Inorganic chemistry Lab


Dr. Vivian Fernand Abstract:


In this experiment, we need to made H4SuW12O40*7H2O as a solid by using the sodium


tungstate dihydrate and sodium silicate solution. Also adding concentrated hydrochloric acid


dropwise during the reaction. Furthermore, we also used and apply technique of separator funnel


in order to observe our product. At the result, we would collect the white crystalline solid after


heat it at 70 Celsius about two hours. We also determined the acidity of our product by using


titration. At the result, the clear liquid solution turns in to orange then reddish during titration.


The last thing that we also need to do is testing our product as a solid acid. We would observe two solutions A and B, which solution A will appear clear liquid and solution B will have


brownish color of bromine.




Tungstate is the inorganic compound with the formula Na2WO4. Tungstate is a white solid and


soluble in water. The octahedron MoO6 is a basic building block of these isopolyanions, these


unites can be connected by sharing corners, edges, but not faces. Tungsten exhibits very similar


in this regard.


Sodium silicate is the member of this series is sodium metasilicate Na2SiO3, as known as water


glass or liquid glass.

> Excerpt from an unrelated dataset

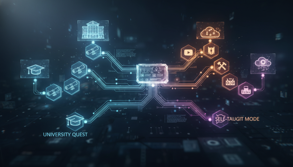 Let’s be real for a second. You are staring at a tuition bill that looks like a phone number, wondering if you really need to spend four years studying algorithms from the 1990s just to build apps in 2026. It is the big question haunting every tech-interested Gen Z kid right now. Do you take the traditional path, rack up debt, and hope for a job? Or do you go rogue, learn from YouTube, and hack your way into the industry?

The pure compositions are colorless or white, but commercial samples are


often greenish or blue owing to the presence of iron-containing impurities.


Tungstosilicic acid is the most commonly encountered heteropoly acid. Tungstosilicic acid is an


acid with yellow color, it is not usually used in our daily life but tungstosilicic have been used a


lot in chemical industry.


Experiment section:


Prepare 14.996 g of sodium tungstate dehydrate, Na2WO4*H2O, together added with 30ml of


water and 1.16 g of sodium silicate solution. Stir and heat solution with warm temperature, it


could make the reaction reacted faster. Prepare 10 ml of concentrated hydrochloric acid, started


dropwise the solvent into the solution while the solution was still stirring about 30 minutes. After


30 minutes, cooled the solution by ice bath until the precipitates appeared inside the solution.


Applying suction filtration to collected all the impurities out of the solution. Transfer all the


liquid that have been collected into the separator funnel. Using 12 ml of diethyl ether, together


with our solution inside the separator funnel. Shake and allow the solution inside the separator


funnel separated. There would be three layer appeared inside the separator funnel. The product would be the layer at the bottom of the separator funnel. Withdraw the bottom layer and repeated


the same techniques above until the yellow product in the middle layer completely removed.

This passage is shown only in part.